# great acoustic listening material?



## bolero (Oct 11, 2006)

I need some new listening material...what are some of your favourite acoustic recordings?


some of mine:

Neil Young at Massey Hall '71, and his Unplugged album, which started a whole slew of unplugs by other artists

Jerry Garcia did some awesome bluegrass/folk recordings, with David Grisman: "Grisman & Garcia" is a good start

John Renbourn has a lot of fantastic stuff out, "ship of fools" is a cool mix of traditional celtic styles

always liked Steve Howe's acoustic masterpieces with Yes..."mood for a day" is fantastic

the newer-age acoustic stuff is great too, forging new ground...Manelli Jamal is great & local to toronto, plays live a lot:

http://www.myspace.com/manelijamal


anyway, looking forward to hearing everyone else's suggestions...

cheers


----------



## Shark (Jun 10, 2010)

Tommy Emmanuel! 

Here's one live example. He plays a range of genres, though. Oh, and for this song, apart from the main theme I think it's totally improvised, basically all the way through. I've never heard him play it the same way twice.

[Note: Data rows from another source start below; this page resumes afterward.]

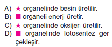 Besin ve O2 üreten organel kloroplast,
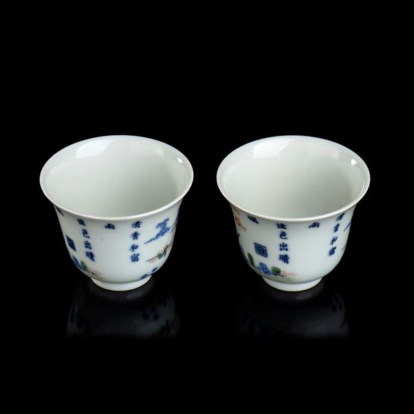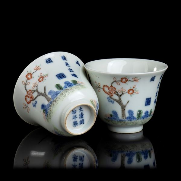 TWO POLYCHROME ENAMELLED PORCELAIN CUPS
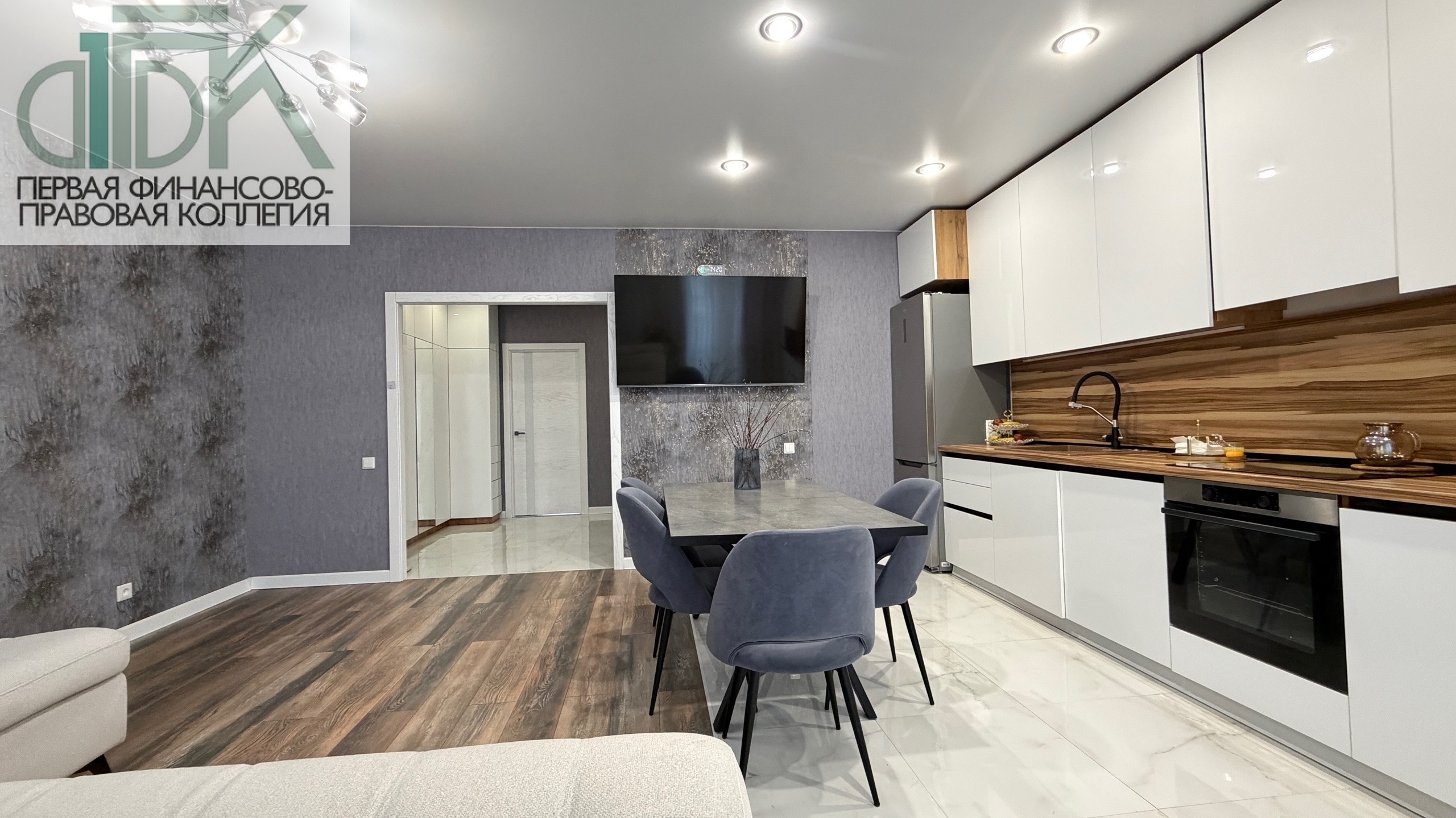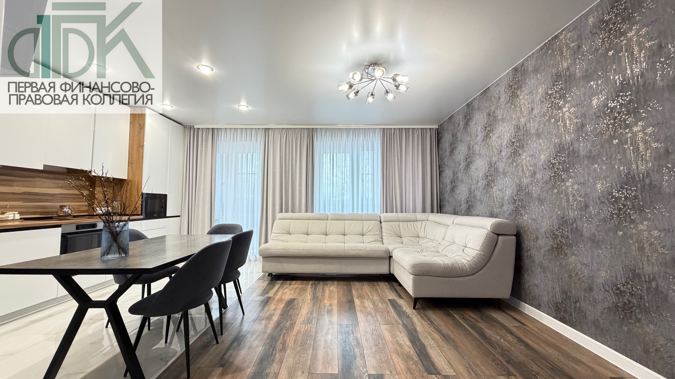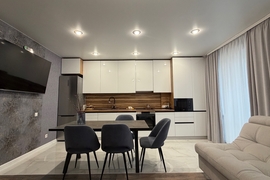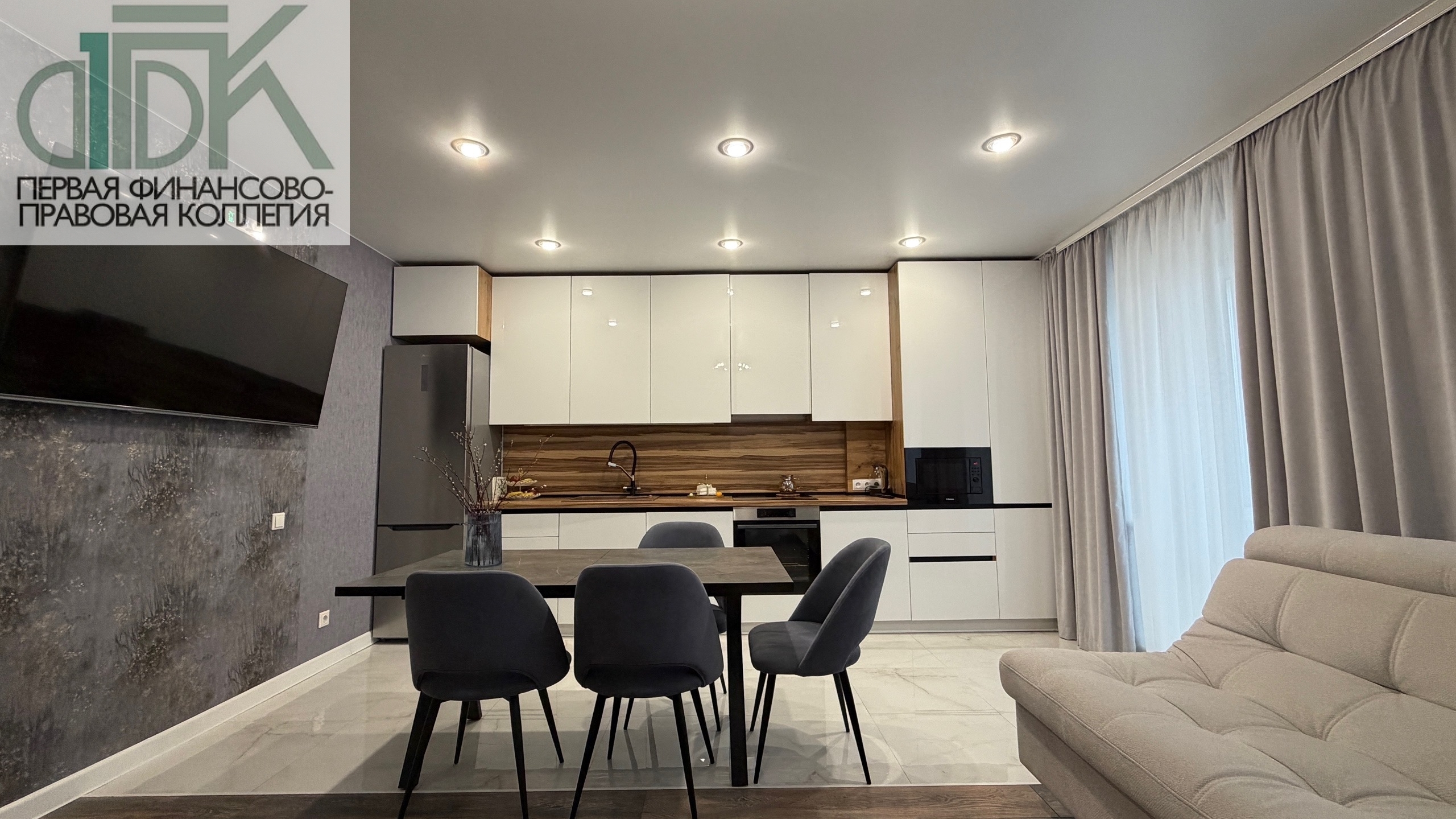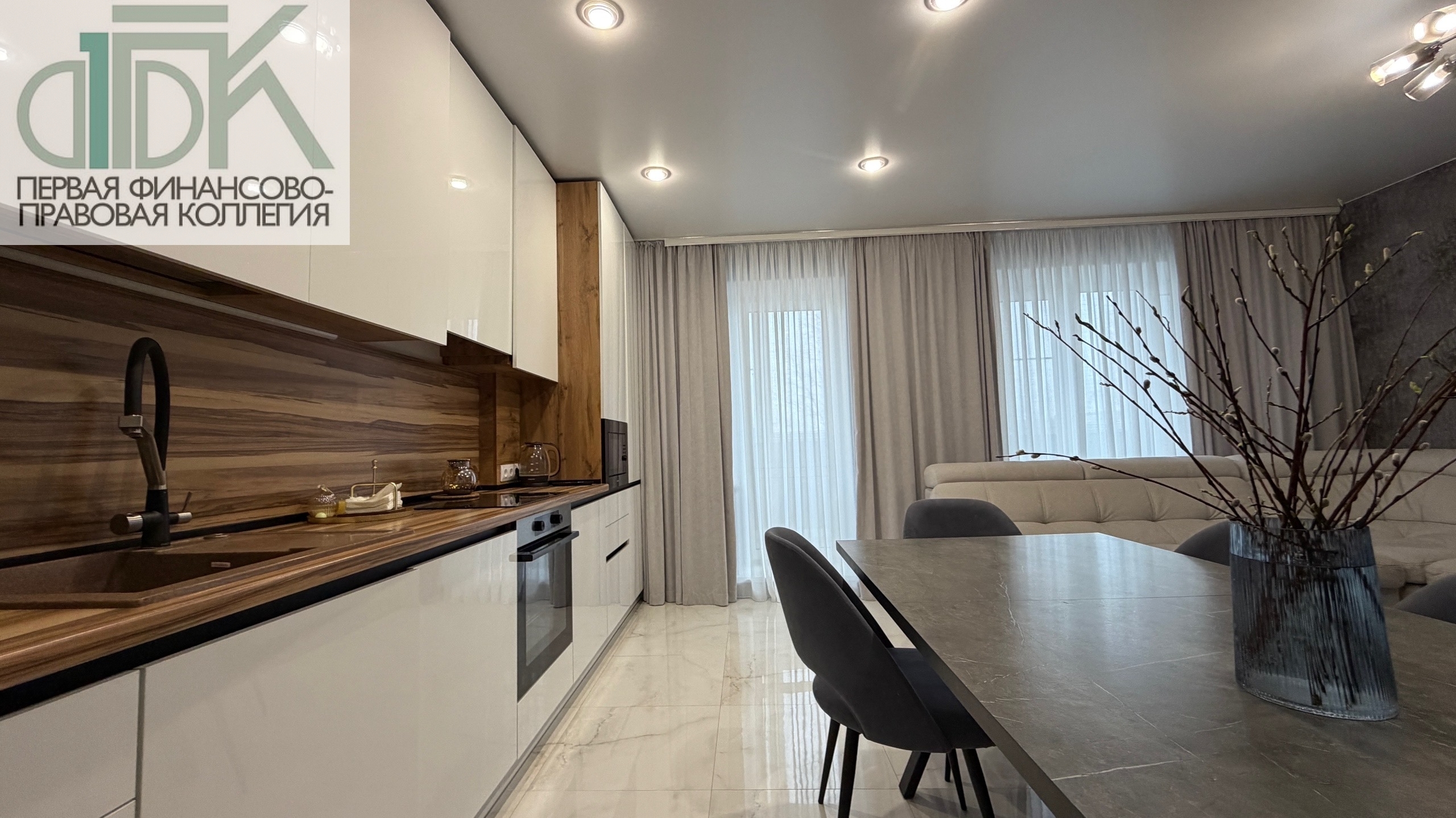В подарок новым владельцам остаётся стильный кухонный гарнитур с варочной панелью, духовым шкафом и микроволновой печью, а также шкаф в ванной, шкаф в прихожей и кондиционер.
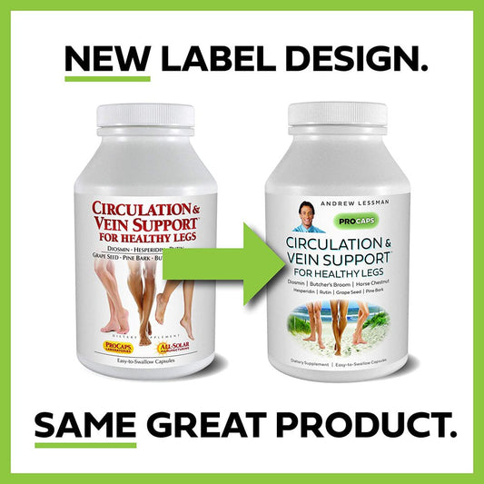 Andrew Lessman Circulation & Vein Support for Healthy Legs 60 Capsules - High Bioactivity Diosmin, Butcher'S Broom, Visibly Reduces Swelling & Discomfort in Feet, Ankles, Calves, Legs
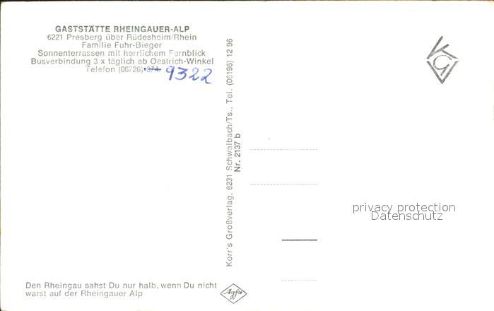 72096184 Presberg Rheingau Gaststaette Rheingauer Alb postalisch nicht gelaufen Erhaltung siehe scans KatCode: 11110006439013
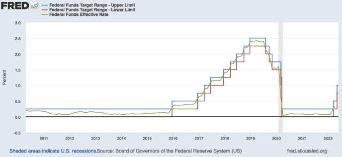 Fed prostredníctvom svojho Federálneho výboru pre voľný trh (FOMC) zvyšuje alebo znižuje úrokové sadzby. V podstate tak stanovuje cieľové rozpätie. V uvedenom grafe je dolná a horná hranica tohto cieľového rozpätia znázornená červenou, resp. modrou farbou. Pre komerčné banky to slúži ako určité odporúčanie.
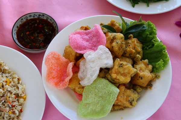 茶葉豆腐,酥脆外皮裡面裹是細嫩的豆腐,即使不沾醬都很美味。
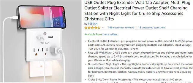 该产品为使用者提供了三个插座和两个USB端口。它还有一个内置的夜灯,在房间足够暗的时候会自动打开。由于没有浪涌保护装置,它也适用于游轮使用。
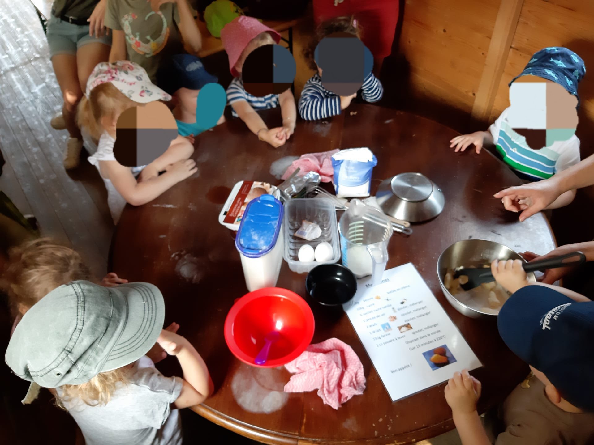 Fabrication de madeleines en 2 groupes, qu’ils ont pu déguster en rentrant de la ferme en Fochaux sur la chariotte! 🥧
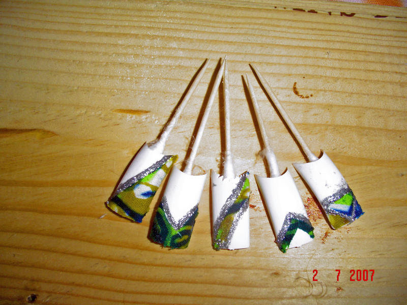 l idee d incorporer du tissu est exellente mais peaufine un petit peu ton travail , il manque juste d un peu de finesse. Prefere des soies, des satins, des tulles, des organzas au lieu de cotons tout simples. Et pour parfaire le tout choisies plutot des teintes plus douces. Deja que le tissu va alourdir ton ongle il faut absolument alleger avec des couleurs tendres.
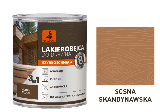 Szybkoschnaca Lakierobejca Dragon to wysokiej jakości produkt ochronno – dekoracyjny do zabezpieczenia drewna zarówno wewnątrz pomieszczeń jak i na zewnatrz. Dzięki zaawansowanej formule 3 w 1 idealnie sprawdzi sie jako produkt, który impregnuje drewno, nadaje kolor i chroni na lata.
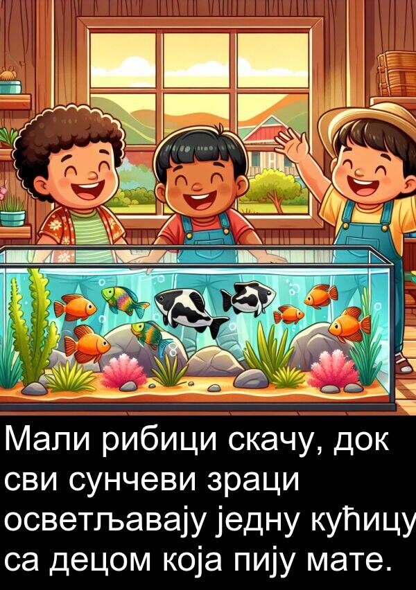 Мали рибици скачу, док сви сунчеви зраци осветљавају једну кућицу са децом која пију мате.
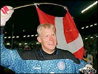 وقتی يوگسلاوی از شرکت در مرحله نهايی بازيها انصراف داد، اکثر بازيکنان دانمارک در تعطيلات بودند. يکی از جالب ترين داستانهای تاريخ فوتبال اينگونه آغاز شد و بازيکنان ريچارد مولر نيلسن تحت چنين شرايطی اولين قهرمانی در يک دوره مسابقه عمده بين المللی را بدست آوردند. يک مساوی در برابر انگلستان و يک برد غيرمنتظره در برابر سوئد، ميزبان مسابقات، کافی بود که اسباب صعود دانمارک از گروهش را فراهم سازد. بعد نوبت به هلند، مدافع عنوان قهرمان اروپا در آن زمان رسيد که دانمارک در يک بازی مهيج، کار را به ضربات پنالتی کشاند و آنجا بود که پيتر اشمايکل، دروازه بان افسانه ای دانمارک ضربه پنالتی مارکو ون باستن را مهار کرد تا دانمارک به فينال برسد. در اين مرحله به نظر می رسيد سرنوشت دانمارک اينطور رقم خورده که قهرمان مسابقات شود. همين طور هم شد و دانمارک آلمان را دو بر صفر شکست داد. شماره دو: مسابقات سال ۱۹۹۶ به ميزبانی انگلستان
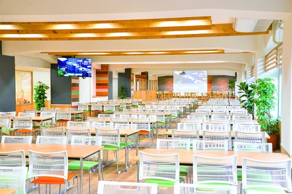 本校は学食があり、もちろん中学生の利用ができます。高校生と昼休みの時間をずらしているので、中学生だけで学食を利用することができますので、広々とゆっくり昼食をとれます。また、お弁当持参の場合は中庭にあるベンチでも取れますので、好きな場所で時間を過ごすことができ、午後の授業に向けたエネルギーチャージができます。
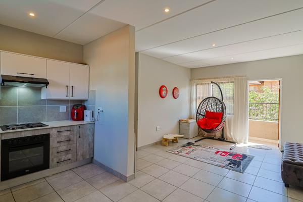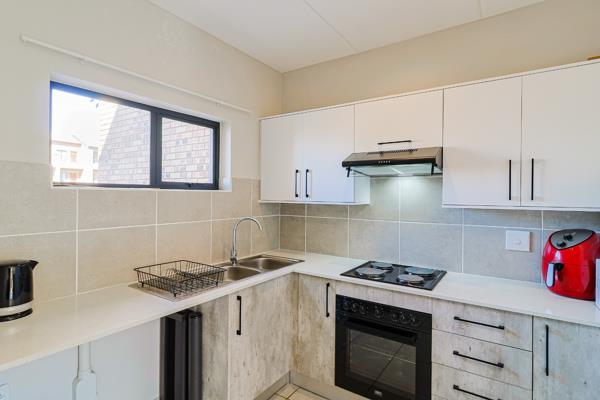 Step inside to a bright, open-plan living area. The lounge is bathed in natural light from a large window and a door leading to your private balcony a great spot for relaxing. Durable tiled flooring and modern recessed ceiling lights create a welcoming atmosphere. The contemporary kitchen boasts sleek white upper cabinets, stylish textured lower cabinets, and light countertops. It''s equipped with a built-in oven, electric hob, extractor fan, double stainless steel sink, and space for a large modern refrigerator.
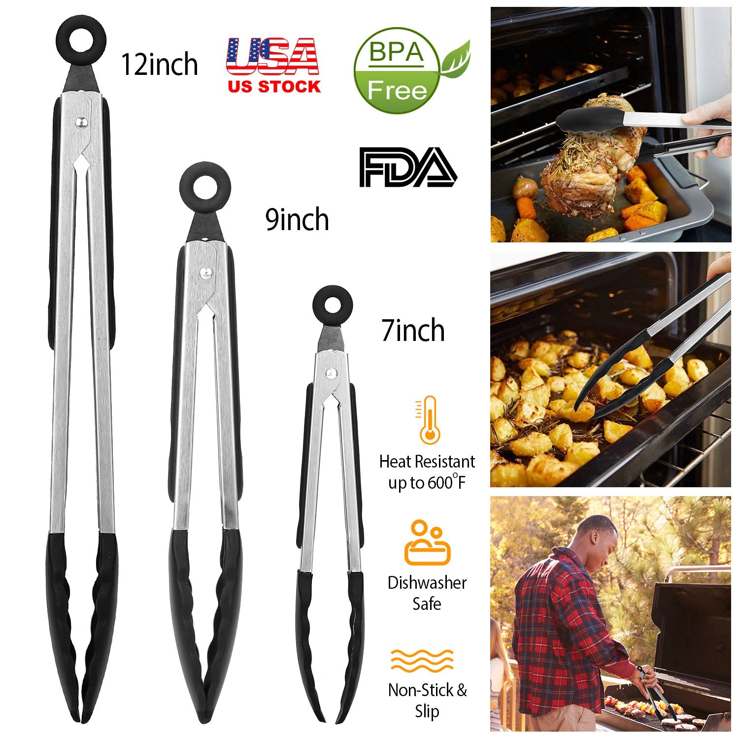 Discover the convenience and reliability of our FDA-certified silicone tongs, crafted from premium food-grade silicone that's BPA-free and odorless. Perfect for indoor cooking and outdoor BBQs, these tongs are designed to withstand high temperatures up to 600 degrees Fahrenheit without melting, ensuring safety and peace of mind while cooking.

[YOUTUBE]YouTube - The Original Video! Tommy Emmanuel - Guitar Boogie & Stevie's Blues - July 2006[/YOUTUBE]

Ok, why don't my YouTube videos embed?  I put the link inside the YouTube brackets. HERE is the link for the above video.


----------



## WarrenG (Feb 3, 2006)

Don Ross - Passion Session
Michael Hedges - Aerial Boundaries
Pierre Bensusan - Intuite
Paul Wadden - Walter the Penniless


----------



## Mooh (Mar 7, 2007)

Joscho Stephan
Pierre Bensusan
Tony McManus
Lunasa
Creaking Tree String Quartet
Bela Fleck
Don Ross

Peace, Mooh.


----------



## shoretyus (Jan 6, 2007)

Nickle Creek with Chris Thile.. ( actually anything by him)


----------



## Stephen W. (Jun 7, 2006)

Every artist on this page.
CANdYRAT Records
In fact, if Rob Poland has them on Candy Rat then they are worth a listen to. They may not all fit your taste / style but, you can bet they have talent.


----------



## Guest (Nov 10, 2010)

Monty Montgomery
The Guitar Trio
John Martyn (in particular: Solid Air)
John Frusciante (in particular: Curtains)


----------



## ronmac (Sep 22, 2006)

Anything by Harry Manx
Scott Macmillan (3 disc Minnie Sessions series, Octet)
Dave MacIsaac (Nimble Fingers)
Bela Fleck (Tales From the Acoustic Planet)


----------



## bolero (Oct 11, 2006)

cool, thx guys, got some new stuff to check out now


----------



## Mooh (Mar 7, 2007)

Saw Joel Fafard last night. Fantastic show.

.:. Joel Fafard .:.

Peace, Mooh.


----------



## Guest (Nov 22, 2010)

Youtube:

Noel Gallagher (OASIS) Paris.

Awesome acoustic sesson. Just makes me want to sit down and strum the tunes.


----------



## Koming (Jan 1, 2009)

WarrenG said:


> Don Ross - Passion Session
> Michael Hedges - Aerial Boundaries
> Pierre Bensusan - Intuite
> Paul Wadden - Walter the Penniless


GOOD TASTE. I like them.


----------